Mr. Speaker, I listened with great interest to my colleague's comments. Aside from the breathtaking, staggering hypocrisy, the shedding of his political skin is one thing but he also completely abandons any memory of the factual basis of the debt load in this country. He refuses to acknowledge that when the Conservative government came to power in 1984 the spiralling deficit left by the Trudeau administration was one never seen in a G-7 country in the history of the world.
I hear a lot of chirping coming from the other side. I know we have now changed the voting laws so that the Liberal government can now garner votes from inside prison but they may soon have an opportunity to campaign directly there for that support, Mr. Speaker, in your constituency.
The member shows dexterity in sidestepping some of the accountability of his own government and is very deft at refusing to mention that his government is mired in the largest fiscal scam ever perpetrated on an unsuspecting public. What he is actually demonstrating is something that a friend of mine, Donald, once described as podia-dexterity, which is the ability to put both feet in one's mouth at the same time.

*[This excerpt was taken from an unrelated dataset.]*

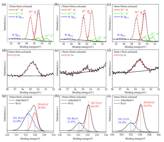 XPS spectra of (a–c) W 4f, (d–f) Li 1s, and (g–i) O 1s in the colored states of 15 min–0 min, 15 min–30 min, and 0 min–30 min.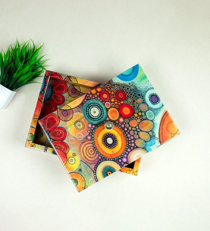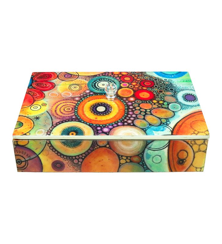 Minakari Hand Crafted Wooden Multi Utility Rectangle Storage Pin On Tin Jar For Kitchen

I want to ask him a direct question dealing with the offshore accord, which was jammed into the omnibus, blunderbuss budget implementation bill that is before the House. What the government did, again in a very deceitful way, after having signed a stand alone deal with Nova Scotia and Newfoundland and Labrador to give 100% of the revenue stream from the offshore oil and gas to those very deserving provinces, is it hid it in with 24 other items and suggested that somehow it was an all or nothing offer to Canadians, that they had to take all of these unrelated items or take nothing and then somehow hold this over people's heads that they had to take this.
The people in Nova Scotia and Newfoundland and Labrador understand what the government is trying to do. It is trying to back out of the commitment that the Prime Minister made in desperation during an election campaign and now it is trying to somehow weasel away from that commitment that is costing those provinces millions while the interest accumulates on their provincial deficits.
Why is it that the hon. member neglects to acknowledge that the offshore oil and gas accord can be a stand alone bill, brought before Parliament, passed immediately in the House with the support of all members and we can put that implementation process in place, allow those provinces to start receiving the revenue to deal with the infrastructure challenges and the education and health care challenges that they are still suffering under as a result of cuts of his now newly adopted government?
Why is it that he can stand in his place and be such an adamant apologist for a government he once so fiercely condemned when he was on this side of the House before he abandoned his party and his principles?